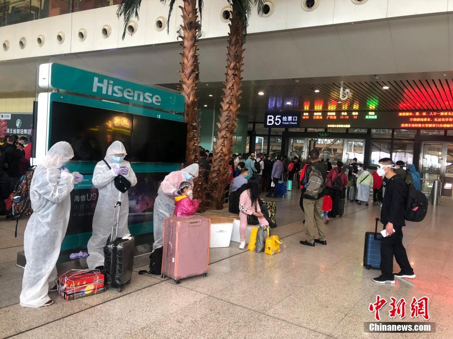 4月8日,武汉正式解除离汉离鄂通道管控措施,武汉站重新开启进站通道,恢复办理旅客进站客运业务。旅客持健康码“绿码”经测量体温、身份核验后可进站乘坐高铁列车。图为“全副武装”出行的旅客。中新社记者 梁婷 摄
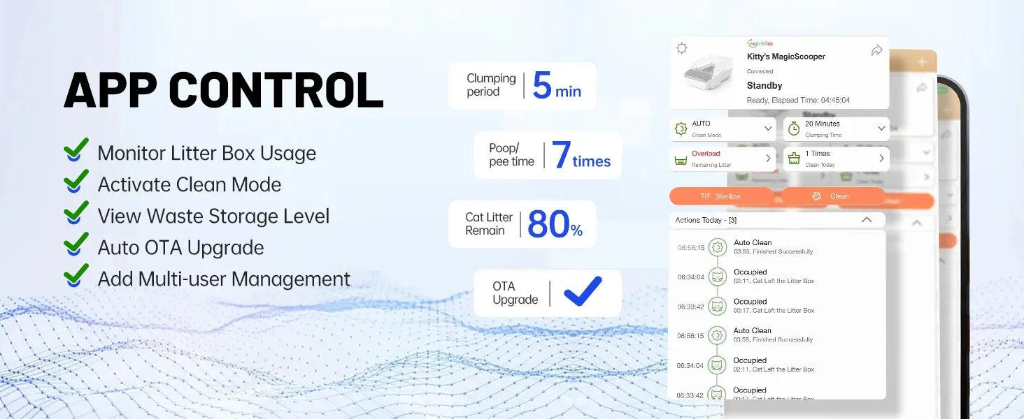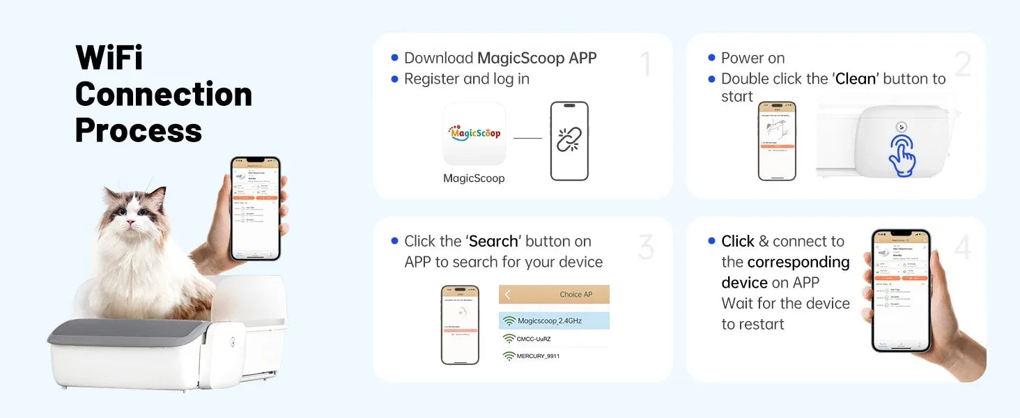- Smart MagicScoop App control on 2.4GHz WiFi delivers automatic cleaning, one-touch waste disposal, health monitoring, and shared access for family members.
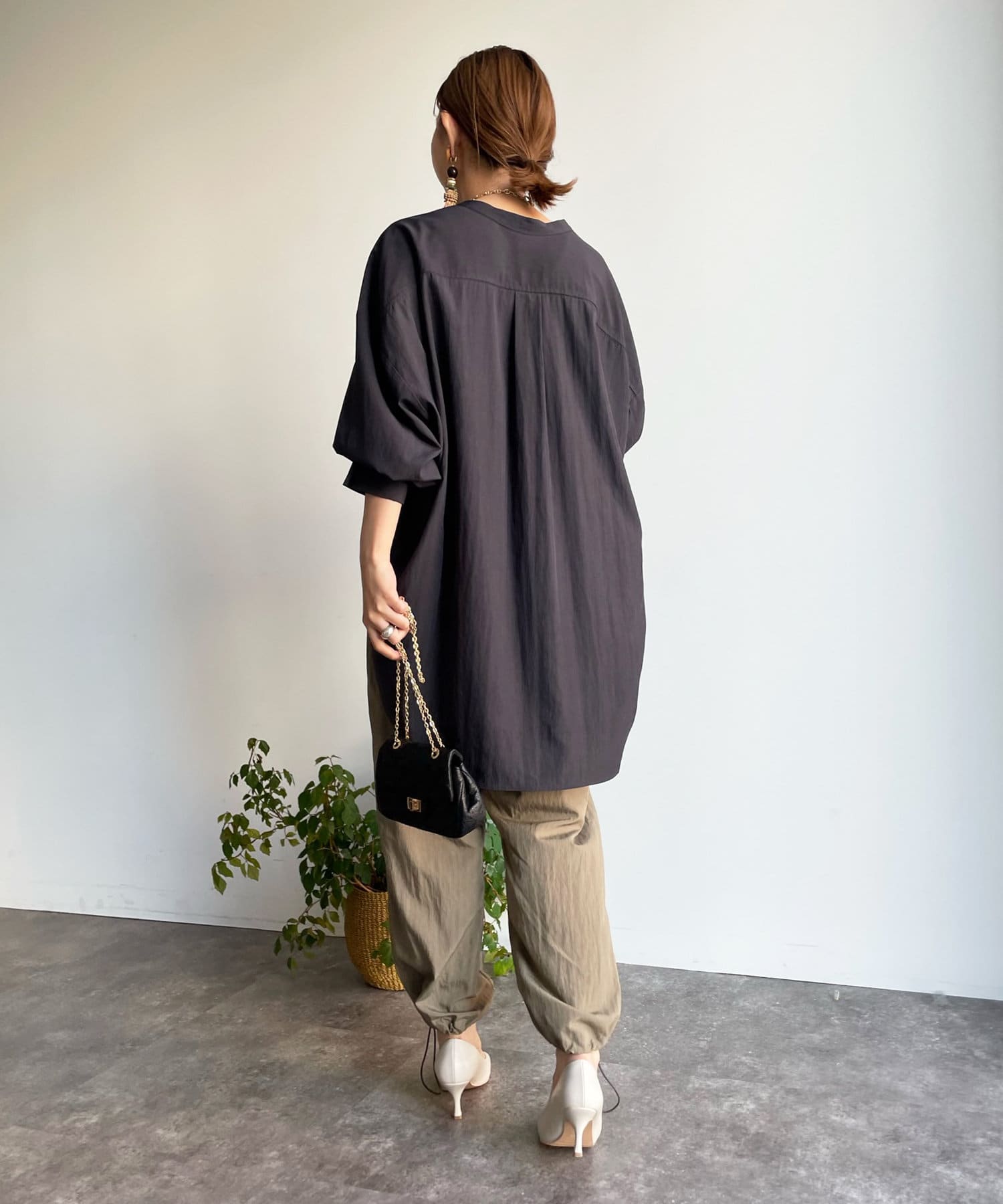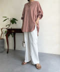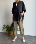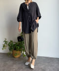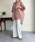 シルエットは、ゆとりがあるので身体のラインを拾わず、また、前後差のある丈感ですっぽりとヒップを隠してくれるのがうれしいポイント。
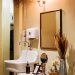 При оформлении поверхностей применяли сочетание двух видов керамогранита и краски. Акцентная стена, расположенная за раковиной, выделена черной плиткой с золотистыми прожилками. Черный цвет выбрали и для тумбы. Светлая плитка, имитирующая мрамор, использована на полу и в зоне ванны. Золотистая сантехника и освещение придали интерьеру элегантность и роскошь.
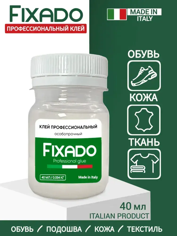 Клей для обуви и подошв, кожи и ПВХ лодок. Водостойкий Прозрачный FIXADO 40мл
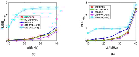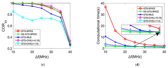 As shown in Figure 7d, with the increase of , the computational time of the GTD–SPICE method, the GTD–IRLS method, and the GTD–CVX method gradually decreases. This is due to their computational complexity decreases with the decrease of , which is consistent with (40). The GTD–SPICE method requires the longest computational time of about 37s when . It is more than three times and six times of that of the GTD–IRLS method and the GTD–CVX method, respectively. When ranges from 10 MHz to 30 MHz, the maximum computational time of the DE–GTD–SPICE method is about 3 s, which is only around 8.12% of that of the GTD–SPICE method, which indicates that the DE–GTD–SPICE method can reduce computational time compared with the GTD–SPICE method. It is also seen that when , the computational time of the DE-GTD method has a slight increase as the increase of . The reason for this phenomenon will be explained in Section 5.2.4.
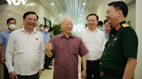 (VOVWORLD) - 越南第十五届国会第三次会议前夕,越共中央总书记阮富仲与河内国会代表团5月12日在河内市栋多、巴亭、二征夫人三郡开展选民接触活动。
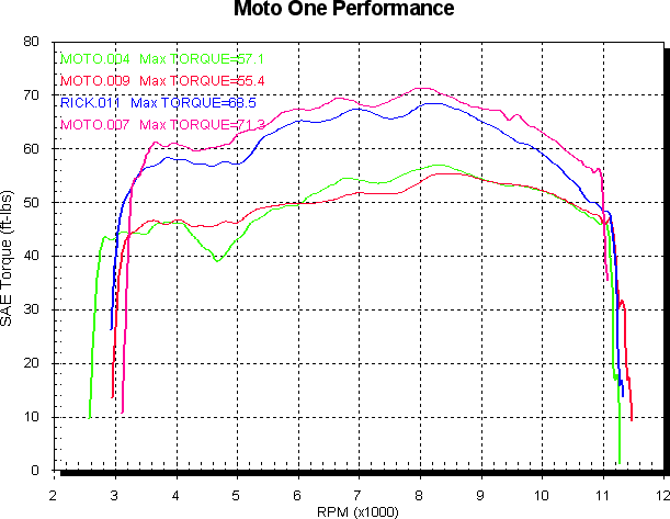 You can see how much the torque and power has picked up up to the torque peak at 8,200 RPM it’s between 23 and 30% better, as it should be given the 23.5% increase in capacity. The shape of the curve is very similar too, with the tuning peaks at the same RPM as before. Peak power is up only 13% (without any real tuning), but power isn’t related to capacity as much as airflow, and we didn’t really make any airflow mods (porting, bigger valves, etc) to it. It may make some more power with tuning (which is to come) and I’m sure retarding the inlet cams would help too if we were chasing a dyno number, but that’s somewhat academic given it’s a road bike. I’m sure part of the reason the 999 is not further ahead in the midrange is the difference in inlet cam settings. How the 999 would work with 106 degree inlet centrelines would be interesting as it has 3mm bigger valves again than the 749. Adding a full system as compared to the Termi asymmetric kit would help the top end power too, as it does for any model in the 749/999 range. On the road the difference is skewed somewhat by the fact the 999 as std runs 15/36 gearing and the 749 runs 14/39, both with the close ratio gearbox. With this shorter gearing the 924 really moves. It may even benefit from longer gearing to tone it down a bit. Home | Blog | Facebook | Service Enquiry | Products | Reports | The Dyno | Disclaimer | Contact Us |
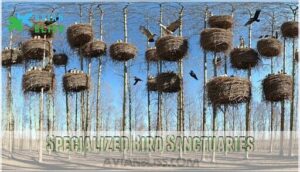 You’ll find that specialized bird sanctuaries serve unique conservation purposes beyond general habitat protection.
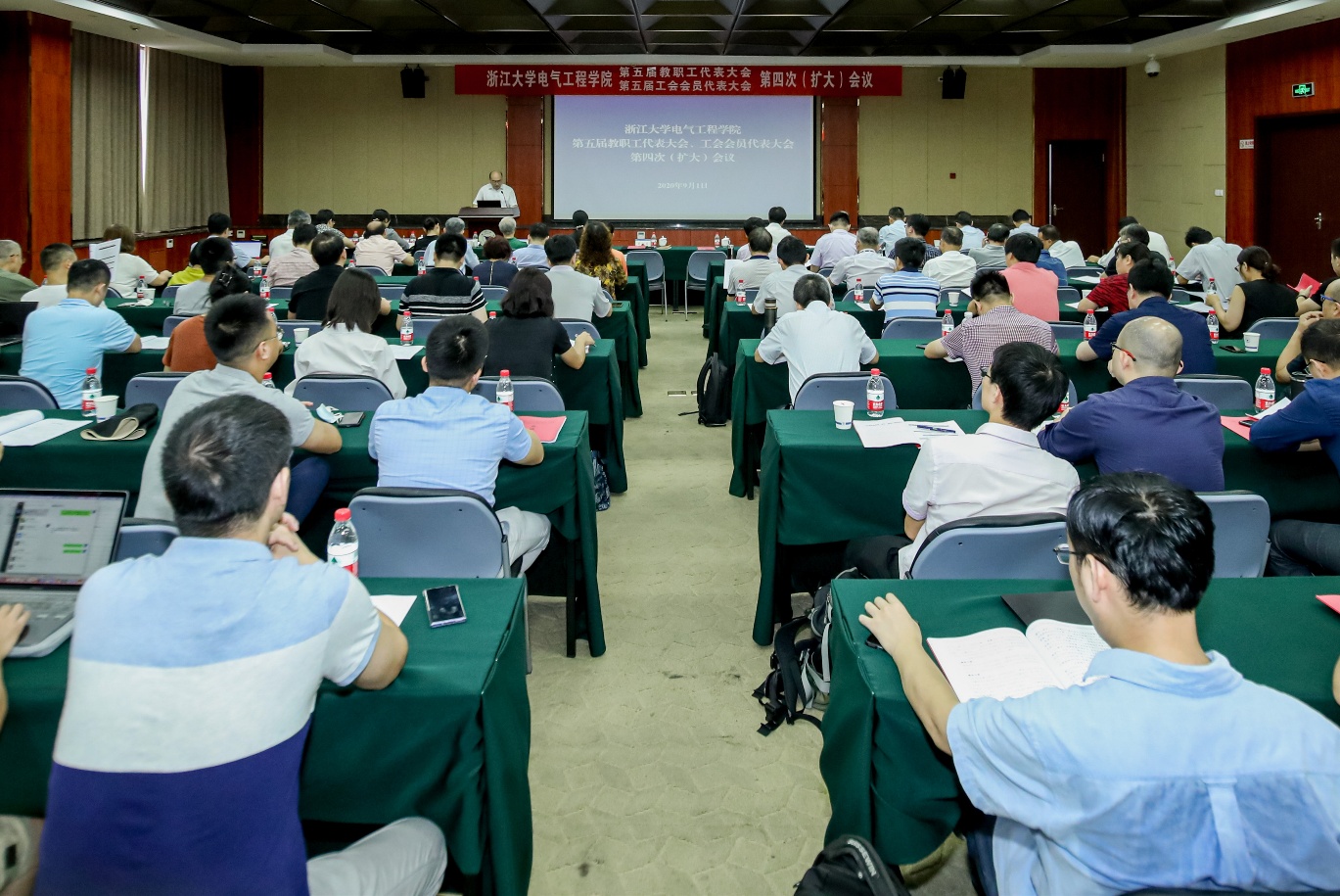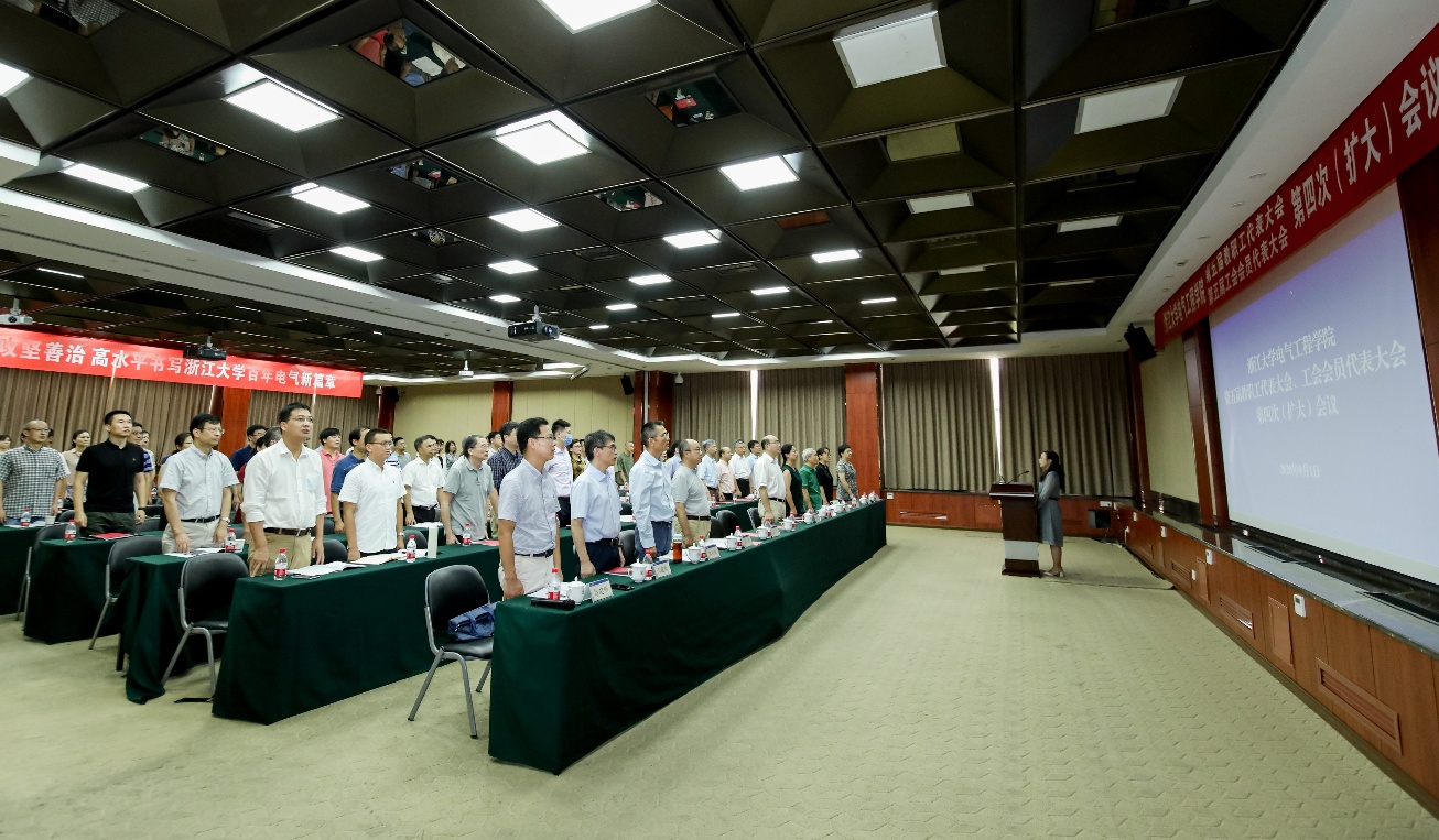 为深入贯彻落实党的十九大和十九届二中、三中、四中全会精神,进一步团结全院教职员工,凝聚智慧力量,加快推进学院治理体系和治理能力现代化,高水平书写mg4355线路检查官网百年电气新篇章,9月1日,mg4355线路检查官网第五届教职工代表大会、工会会员代表大会第四次(扩大)会议在玉泉校区隆重举行。mg4355线路检查官网发展规划处处长夏文莉,科学技术研究院常务副院长、先进技术研究院院长史红兵出席会议并作报告。学院院长盛况和党委书记汤海旸分别作题为《深化改革 攻坚善治 高水平书写mg4355线路检查官网百年电气新篇章》的学院工作报告和《“三全育人”视域下推进学生高质量就业的若干思考》的学院学生就业战略规划专题报告。河海大学原副校长、mg4355线路检查官网求是讲座教授鞠平、学院离退休党总支书记、老龄委主任吴长春等应邀出席会议。60余名学院“双代会”代表参加会议,非代表的正高级职称教职工、系所负责人、科室负责人、院长助理、特聘助理和近三年新进的“百人计划”研究员和特聘研究员等列席会议。
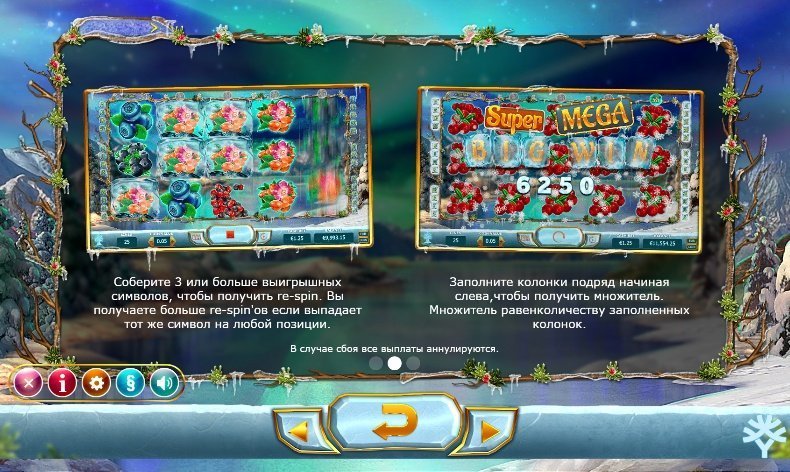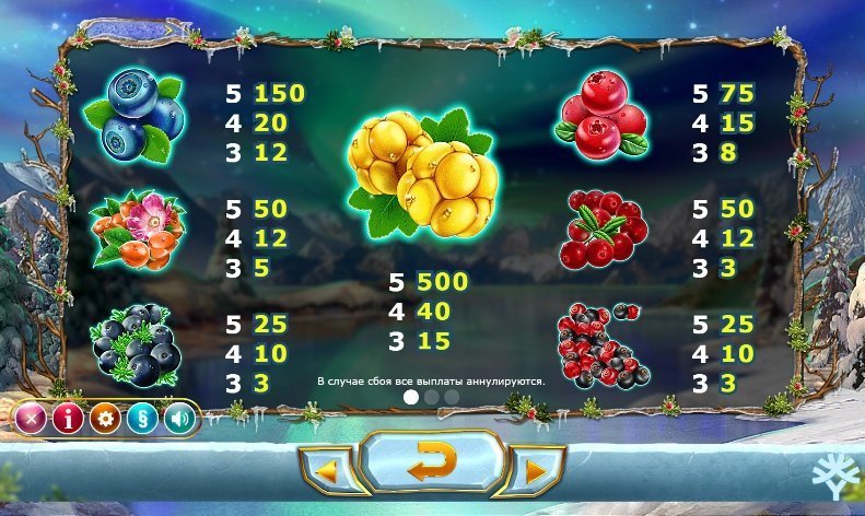 На этом и построен игровой процесс слота Зимние Ягоды. Благодаря функции заморозки нередко удается улучшить уже собранную последовательность, доведя ее до максимального значения. Так что данная модель потенциально является одной из самых прибыльных.
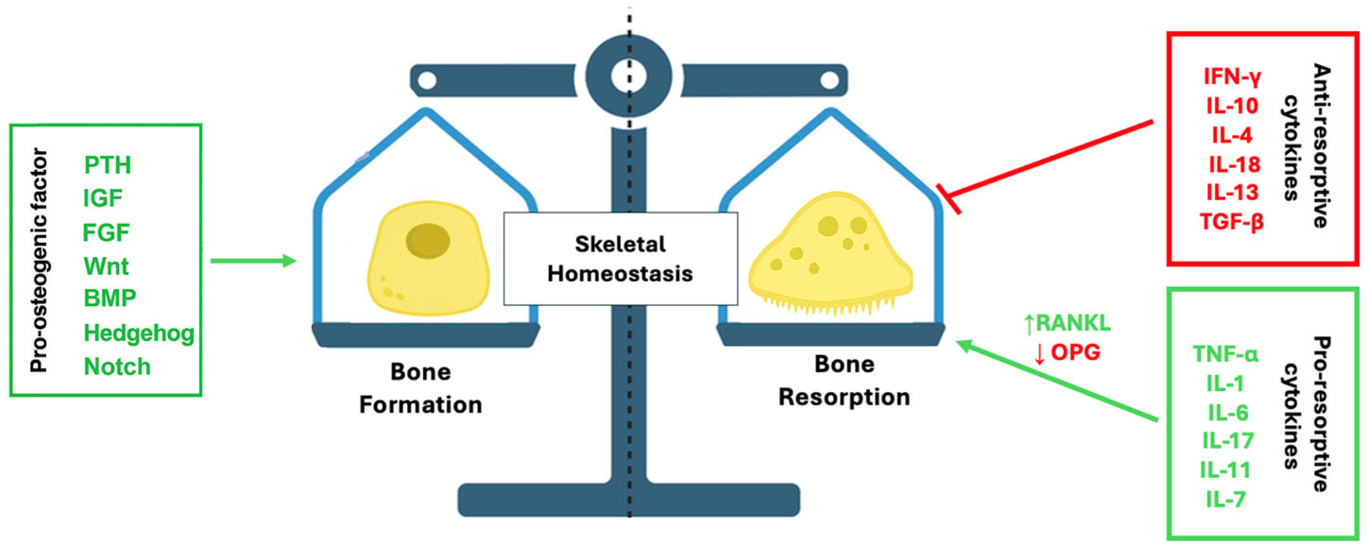 The bone microenvironment is a dynamic niche where immune cells and bone cells communicate through cytokines, chemokines, and growth factors. This crosstalk is central to maintaining skeletal integrity and responding to physiological and pathological stimuli.
——————————
**Task brief:** Set every entry down again word for word, but not the pictures.

**Expected answer:**
 4月8日,武汉正式解除离汉离鄂通道管控措施,武汉站重新开启进站通道,恢复办理旅客进站客运业务。旅客持健康码“绿码”经测量体温、身份核验后可进站乘坐高铁列车。图为“全副武装”出行的旅客。中新社记者 梁婷 摄
- Smart MagicScoop App control on 2.4GHz WiFi delivers automatic cleaning, one-touch waste disposal, health monitoring, and shared access for family members.
 シルエットは、ゆとりがあるので身体のラインを拾わず、また、前後差のある丈感ですっぽりとヒップを隠してくれるのがうれしいポイント。
 При оформлении поверхностей применяли сочетание двух видов керамогранита и краски. Акцентная стена, расположенная за раковиной, выделена черной плиткой с золотистыми прожилками. Черный цвет выбрали и для тумбы. Светлая плитка, имитирующая мрамор, использована на полу и в зоне ванны. Золотистая сантехника и освещение придали интерьеру элегантность и роскошь.
 Клей для обуви и подошв, кожи и ПВХ лодок. Водостойкий Прозрачный FIXADO 40мл
 As shown in Figure 7d, with the increase of , the computational time of the GTD–SPICE method, the GTD–IRLS method, and the GTD–CVX method gradually decreases. This is due to their computational complexity decreases with the decrease of , which is consistent with (40). The GTD–SPICE method requires the longest computational time of about 37s when . It is more than three times and six times of that of the GTD–IRLS method and the GTD–CVX method, respectively. When ranges from 10 MHz to 30 MHz, the maximum computational time of the DE–GTD–SPICE method is about 3 s, which is only around 8.12% of that of the GTD–SPICE method, which indicates that the DE–GTD–SPICE method can reduce computational time compared with the GTD–SPICE method. It is also seen that when , the computational time of the DE-GTD method has a slight increase as the increase of . The reason for this phenomenon will be explained in Section 5.2.4.
 (VOVWORLD) - 越南第十五届国会第三次会议前夕,越共中央总书记阮富仲与河内国会代表团5月12日在河内市栋多、巴亭、二征夫人三郡开展选民接触活动。
 You can see how much the torque and power has picked up up to the torque peak at 8,200 RPM it’s between 23 and 30% better, as it should be given the 23.5% increase in capacity. The shape of the curve is very similar too, with the tuning peaks at the same RPM as before. Peak power is up only 13% (without any real tuning), but power isn’t related to capacity as much as airflow, and we didn’t really make any airflow mods (porting, bigger valves, etc) to it. It may make some more power with tuning (which is to come) and I’m sure retarding the inlet cams would help too if we were chasing a dyno number, but that’s somewhat academic given it’s a road bike. I’m sure part of the reason the 999 is not further ahead in the midrange is the difference in inlet cam settings. How the 999 would work with 106 degree inlet centrelines would be interesting as it has 3mm bigger valves again than the 749. Adding a full system as compared to the Termi asymmetric kit would help the top end power too, as it does for any model in the 749/999 range. On the road the difference is skewed somewhat by the fact the 999 as std runs 15/36 gearing and the 749 runs 14/39, both with the close ratio gearbox. With this shorter gearing the 924 really moves. It may even benefit from longer gearing to tone it down a bit. Home | Blog | Facebook | Service Enquiry | Products | Reports | The Dyno | Disclaimer | Contact Us |
 You’ll find that specialized bird sanctuaries serve unique conservation purposes beyond general habitat protection.
 为深入贯彻落实党的十九大和十九届二中、三中、四中全会精神,进一步团结全院教职员工,凝聚智慧力量,加快推进学院治理体系和治理能力现代化,高水平书写mg4355线路检查官网百年电气新篇章,9月1日,mg4355线路检查官网第五届教职工代表大会、工会会员代表大会第四次(扩大)会议在玉泉校区隆重举行。mg4355线路检查官网发展规划处处长夏文莉,科学技术研究院常务副院长、先进技术研究院院长史红兵出席会议并作报告。学院院长盛况和党委书记汤海旸分别作题为《深化改革 攻坚善治 高水平书写mg4355线路检查官网百年电气新篇章》的学院工作报告和《“三全育人”视域下推进学生高质量就业的若干思考》的学院学生就业战略规划专题报告。河海大学原副校长、mg4355线路检查官网求是讲座教授鞠平、学院离退休党总支书记、老龄委主任吴长春等应邀出席会议。60余名学院“双代会”代表参加会议,非代表的正高级职称教职工、系所负责人、科室负责人、院长助理、特聘助理和近三年新进的“百人计划”研究员和特聘研究员等列席会议。
 На этом и построен игровой процесс слота Зимние Ягоды. Благодаря функции заморозки нередко удается улучшить уже собранную последовательность, доведя ее до максимального значения. Так что данная модель потенциально является одной из самых прибыльных.
 The bone microenvironment is a dynamic niche where immune cells and bone cells communicate through cytokines, chemokines, and growth factors. This crosstalk is central to maintaining skeletal integrity and responding to physiological and pathological stimuli.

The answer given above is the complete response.